Dataset extract:
-=-=-
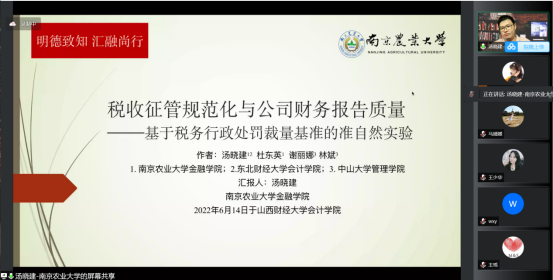 2022年6月14日,英国365集团公司举行了第157次学术论坛,由南京农业大学汤晓健博士做学术报告:税收征管规范化与公司财务报告质量。
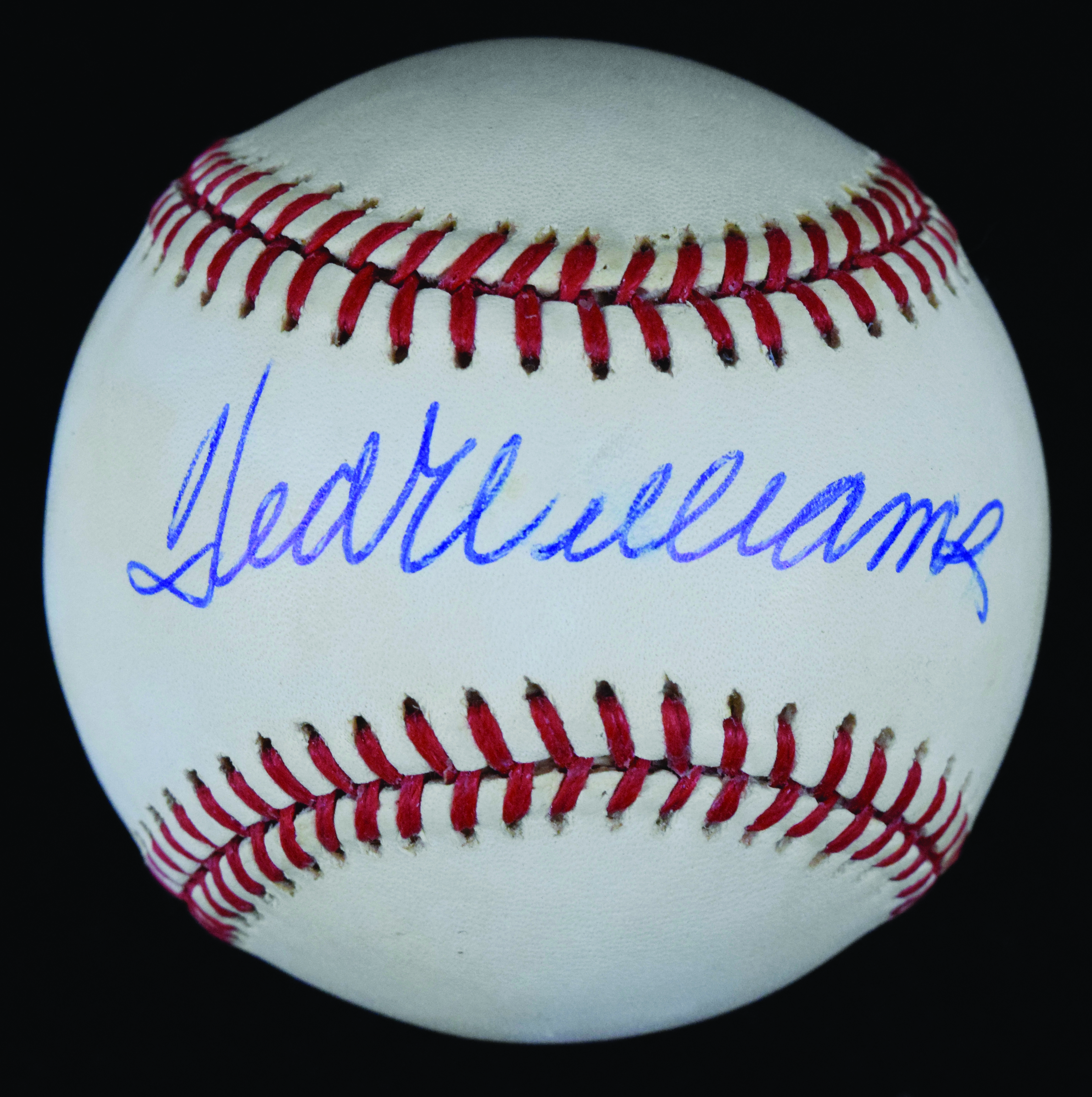 Description:Ted Williams single signed baseball (EX-EX/MT) Rawlings B.Brown Official American League baseball has been signed in ink rating 7 out of 10. Touch of light toning: EX-EX/MT
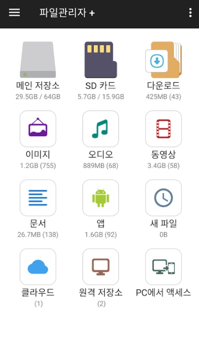 • 다운로드: 다운로드 폴더에 있는 모든 파일(apk와 zip파일 포함)을 관리할 수 있습니다.
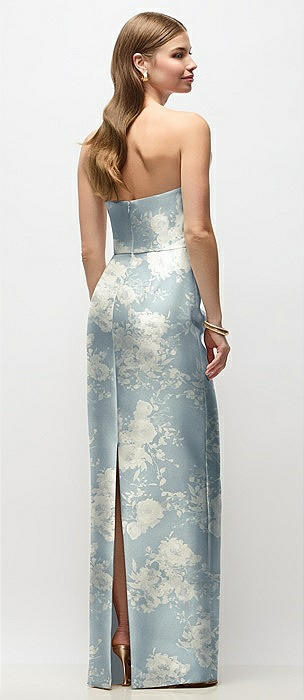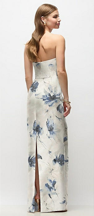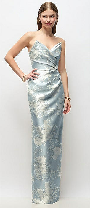 Strapless Asymmetrical Draped Satin Column Floral Maxi Dress in bow and blossom print
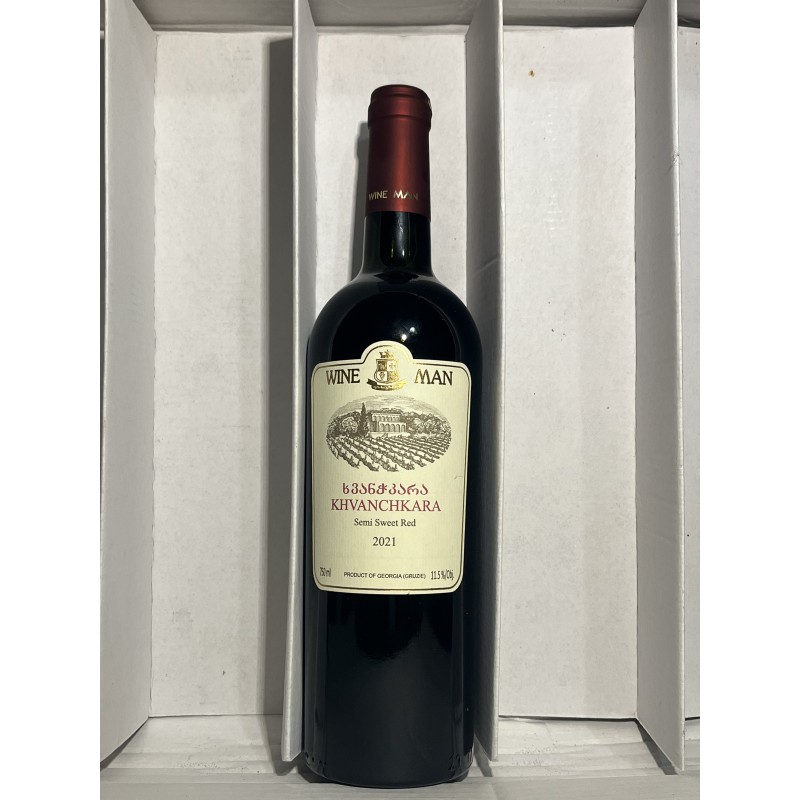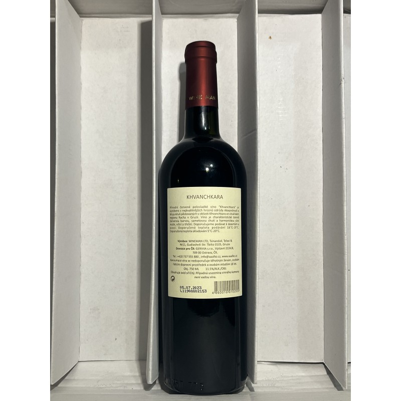 Přírodní červené polosladké víno "Khvanchkara" je vyrobeno z nejkvalitnějších hroznů odrůdy Alexandrouli a Mujuretuli pěstovaných v oblasti Khvanchkara ve vinařském regionu Racha v Gruzii. Víno je charakteristické temně červenou barvou, sametovou chutí a harmonickou vůní malin, višní a třešní. Doporučujeme prodávat k dezertům a ovoci.
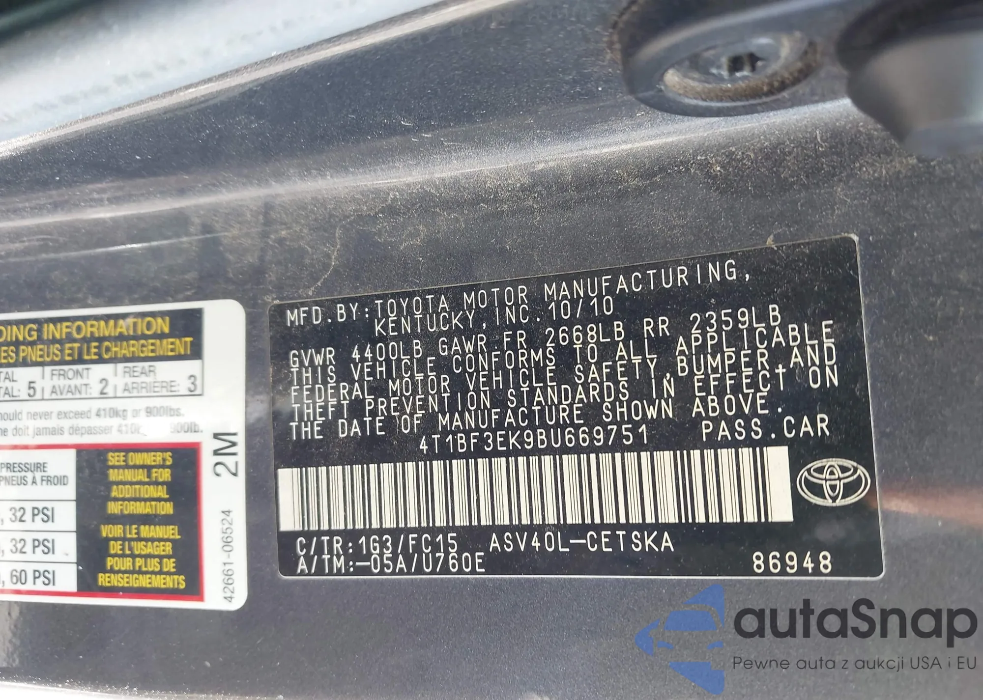 LOT: 43361444 VIN: 4T1BF3EK9BU669751
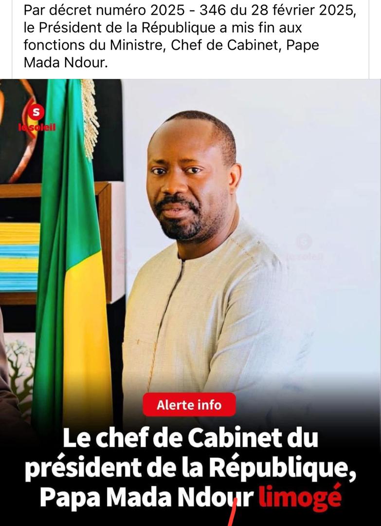 * Dans un climat politique déjà tendu par les suites de l’élection présidentielle de mars 2024, la révocation de Pape Mada Ndour par décret n°2025‑346 du 28 février 2025 dépasse le simple changement de personnel. Au-delà du limogeage, l’enjeu majeur demeure l’instauration d’un véritable pacte de confiance entre dirigeants et Citoyens diplomate de formation et nommé Chef de Cabinet du Président le 30 avril 2024 par décret n°2024‑992, Pape Mada Ndour se retrouve désormais au cœur d’une polémique qui met en lumière des pratiques de négociations opaques et des accords secrets entre figures politiques de premier plan.
-=-=-
Only the lines from the first line of the data above through the line with "관리할 수 있습니다." should appear in the answer, retyped exactly, with every picture left out.

 2022年6月14日,英国365集团公司举行了第157次学术论坛,由南京农业大学汤晓健博士做学术报告:税收征管规范化与公司财务报告质量。
 Description:Ted Williams single signed baseball (EX-EX/MT) Rawlings B.Brown Official American League baseball has been signed in ink rating 7 out of 10. Touch of light toning: EX-EX/MT
 • 다운로드: 다운로드 폴더에 있는 모든 파일(apk와 zip파일 포함)을 관리할 수 있습니다.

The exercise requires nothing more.